Lastly, as your window slides across a cow id, you are
likely to get several hits for the same cow id. (Windows
of different sizes are also likely to give you duplicate
hits.) You want the best hit for any give cow id, so you
apply what is called “non-maximal suppression.” For
this you want your classifier to provide not just a “yes”
or “no,” but also the “probability” or “confidence”
underlying the “yes” or “no.” (Let’s say that your
network has a single output – a “logit” – that is fed
into BCEWithLogitsLoss when training your network.
You could use this logit as your confidence.) For
non-maximal suppression, you look at the confidence
of each of the hits in a cluster of neighboring hits,
and keep only the hit with the largest confidence.

The location of the sliding window, together with its
size (and possibly aspect ratio) for this largest-
confidence hit is the bounding box of your detected
cow id that you can then feed to further processing.

This isn’t a dumb idea – you would be using substantive
“semantic” structure of your images, that is, cow ids appear
on cow heads, and not on bales of hay, etc.

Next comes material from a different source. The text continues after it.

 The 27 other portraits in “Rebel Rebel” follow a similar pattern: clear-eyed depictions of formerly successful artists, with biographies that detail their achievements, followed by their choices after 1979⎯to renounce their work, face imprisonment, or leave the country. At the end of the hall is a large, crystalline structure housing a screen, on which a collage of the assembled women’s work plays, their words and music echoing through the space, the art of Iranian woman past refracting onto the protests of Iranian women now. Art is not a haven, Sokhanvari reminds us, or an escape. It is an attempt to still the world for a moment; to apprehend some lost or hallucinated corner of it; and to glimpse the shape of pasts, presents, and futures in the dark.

I would image that unless text appears in lots of other places
in your images – license plates on tractors, cow id labels
stuck to the sides of barns – just detecting the cow ids
directly will be simpler and easier to implement.

(Even if your images contain a lot of other text, as long as
the cow-id text is somehow distinctive – a certain font, thick
black borders – you could still train just on the cow ids,
provided you make sure to include representative non-cow-id
text in your “not” training samples.)

Good luck.

K. Frank

stevew77 · July 1, 2019, 6:33am

Hi Ptrblk, cows usually have identity tags connected to thier ears that has a 4 digit number of consistent shape and size.

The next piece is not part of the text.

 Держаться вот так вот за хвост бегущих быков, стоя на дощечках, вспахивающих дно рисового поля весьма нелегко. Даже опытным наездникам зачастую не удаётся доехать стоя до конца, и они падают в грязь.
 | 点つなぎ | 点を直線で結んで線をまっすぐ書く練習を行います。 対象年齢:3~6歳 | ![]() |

Hi KFrank, thank you for your detailed “how to”. I will now go and research some more and no doubt may have a few questions. One of the things I find is that as its a big field of study, I’m trying to bolt together existing solutions to make it all work, although I think I will trash and need to rebuild my ubuntu laptop a few times.

Would you recommend re-imaging a laptop or maybe working within a virtual machine?

Cheers

Steve